Medical appointment booking
🌊 Medical appointment booking with LaVague
This notebook shows how you can use LaVague to create an AI Web Agent that can navigate the web to find out if a doctor is available to book an appointment!
We will automate booking on Doctolib, a French leader in medical appointments, as an example, but this should work on other websites.
If not, do not hesitate to reach out to us on Discord to share your issues.
Overview
We will create the agent and serve it through a Gradio interface.
We will use the following solutions to build this AI Web Agent:
- Claude Sonnet 3.5 for the World Model to do web planning. You will need to provide an
ANTHROPIC_API_KEY
after getting it. You can look at how to use other models - Llama 3.1 70b for the Action Engine to do action generation to pilot the browser. Here we will use Fireworks API to consume a managed Llama 3.1 70b. You will therefore need to provide a
FIREWORKS_API_KEY
. - OpenAI text-embedding-3-small to do semantic search on the DOM to find the right element to interact with. This will require an
OPENAI_API_KEY
that you can get following their quickstart guide.

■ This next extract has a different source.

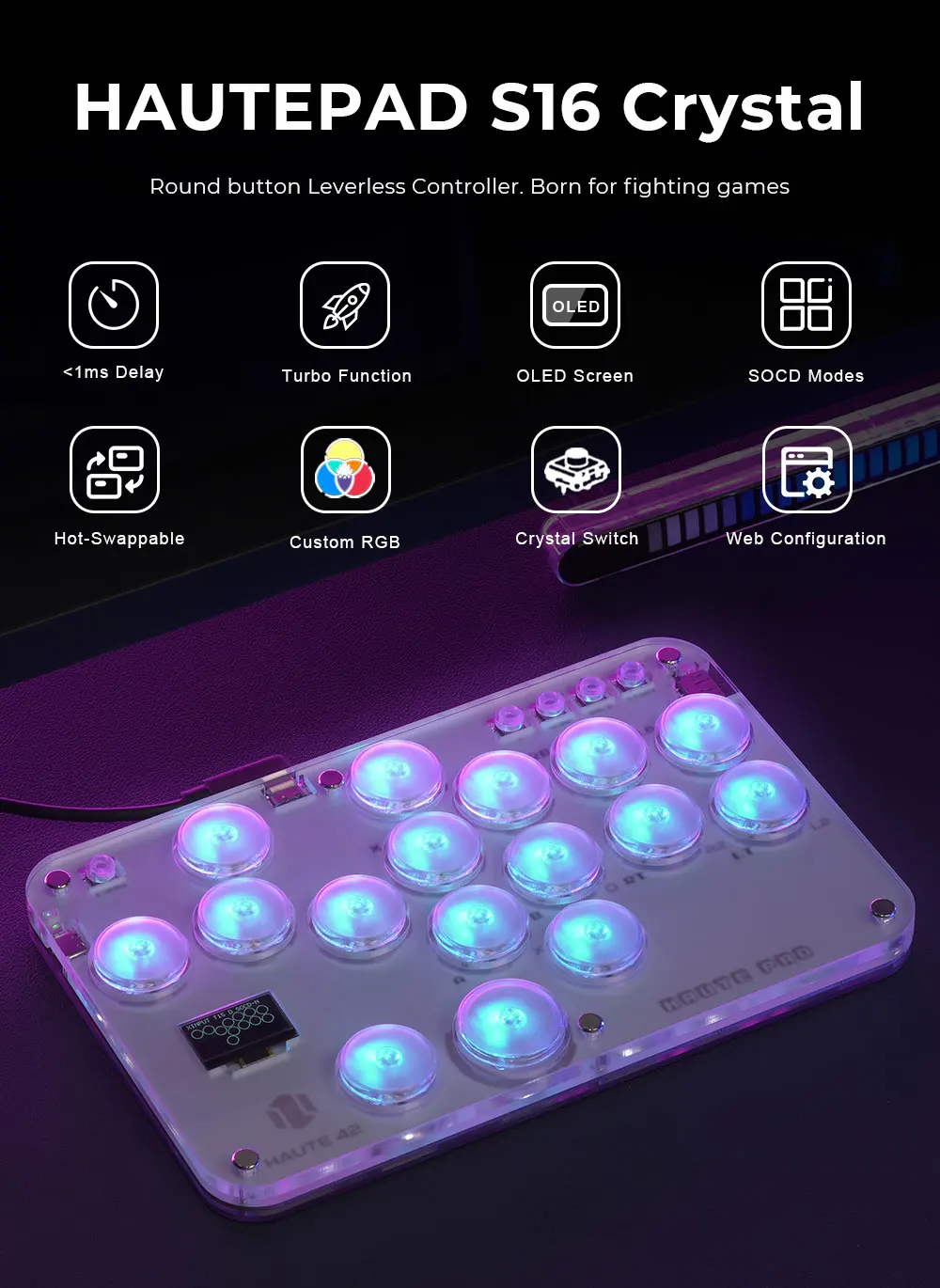 PC/PS4/PS5/스위치 아케이드 컨트롤러 키보드 게임용 Haute42 조이스틱 파이팅 스틱 아케이드 미니 히트 박스 레버리스 컨트롤러

If you want to know more about LaVague, you can have a look at our architecture, or our webinars.
Installation
We start by downloading LaVague and the other integrations:
pip install lavague
pip install llama-index-multi-modal-llms-anthropic
pip install llama-index-llms-fireworks
API KEYS
To run this code example, you will need to have the following API keys set in your current environment:
- OPENAI_API_KEY
- ANTHROPIC_API_KEY
- FIREWORKS_API_KEY
To learn how to change the models used in this code to leverage different AI providers, see our customization guide
For instructions on how to set environment variable in your environment, see our FAQ guide
Demo
Agent preparation
We start here by pulling extra knowledge about Doctolib to ensure the WorldModel
will provide the right reasoning steps.
You can learn more about building Agents with LaVague in our webinar.

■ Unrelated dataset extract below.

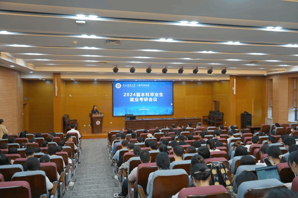 5月30日下午,计算机科学学院2024届本科毕业生就业考研专题会议在文汇楼C段二层报告厅召开。学院党委负责人张艳兵、党委副书记郭康凌、副院长李鹏,2024届本科生班主任郝飞、辅导员陈坤正和全体2024届本科毕业生参加会议。
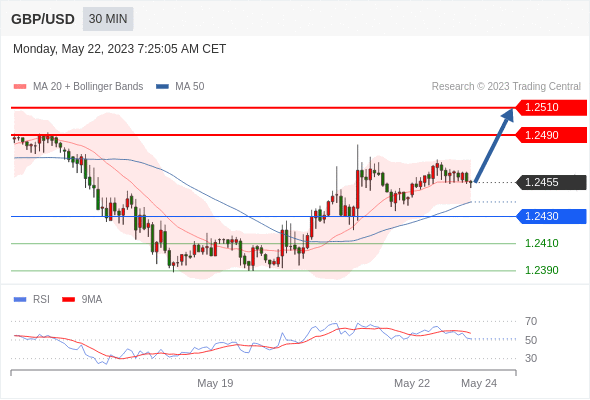 在 1.2430 之上,看涨,目标价位为 1.2490 ,然后为 1.2510 。

wget https://raw.githubusercontent.com/lavague-ai/LaVague/main/examples/knowledge/doctolib_knowledge.txt
We prepare our different integrations and then create the Agent:
from lavague.drivers.selenium import SeleniumDriver
from lavague.core import ActionEngine, WorldModel
from lavague.core.agents import WebAgent
from llama_index.multi_modal_llms.anthropic import AnthropicMultiModal
from llama_index.llms.fireworks import Fireworks
from llama_index.embeddings.openai import OpenAIEmbedding
# Loading the models
mm_lmm = AnthropicMultiModal(model="claude-3-5-sonnet-20240620", max_tokens=512)

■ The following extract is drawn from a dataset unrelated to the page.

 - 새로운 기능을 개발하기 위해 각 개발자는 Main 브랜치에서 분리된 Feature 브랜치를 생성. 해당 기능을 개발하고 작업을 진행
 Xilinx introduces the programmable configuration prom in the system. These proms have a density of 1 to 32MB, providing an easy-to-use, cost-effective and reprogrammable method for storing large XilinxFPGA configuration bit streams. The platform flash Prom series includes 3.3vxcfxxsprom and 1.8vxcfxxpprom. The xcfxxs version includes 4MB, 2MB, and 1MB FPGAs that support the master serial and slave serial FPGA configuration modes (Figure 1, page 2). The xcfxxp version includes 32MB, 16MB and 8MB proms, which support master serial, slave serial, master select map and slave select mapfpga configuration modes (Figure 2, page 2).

llm = Fireworks(model="accounts/fireworks/models/llama-v3p1-70b-instruct", max_tokens=1024)
embedding = OpenAIEmbedding(model="text-embedding-3-small")
# Preparing the Agent
driver = SeleniumDriver(headless=True)
action_engine = ActionEngine(driver,
llm=llm,
embedding=embedding,
)
world_model = WorldModel(mm_llm=mm_lmm)
world_model.add_knowledge("doctolib_knowledge.txt")
# Create Web Agent
agent = WebAgent(world_model, action_engine, n_steps=15)
# Set URL
agent.get("https://www.doctolib.fr/")
Checking the driver is not blocked
It can happen that the driver is blocked.
To check if this is the case, we need to check the state of the current page.
Let's display the current screenshot.
import time
# We wait to make sure the page is fully loaded
time.sleep(5)
driver.driver.save_screenshot("screenshot.png")
from IPython.display import Image
Image("screenshot.png")
If you see this, you are good to proceed to running the Agent.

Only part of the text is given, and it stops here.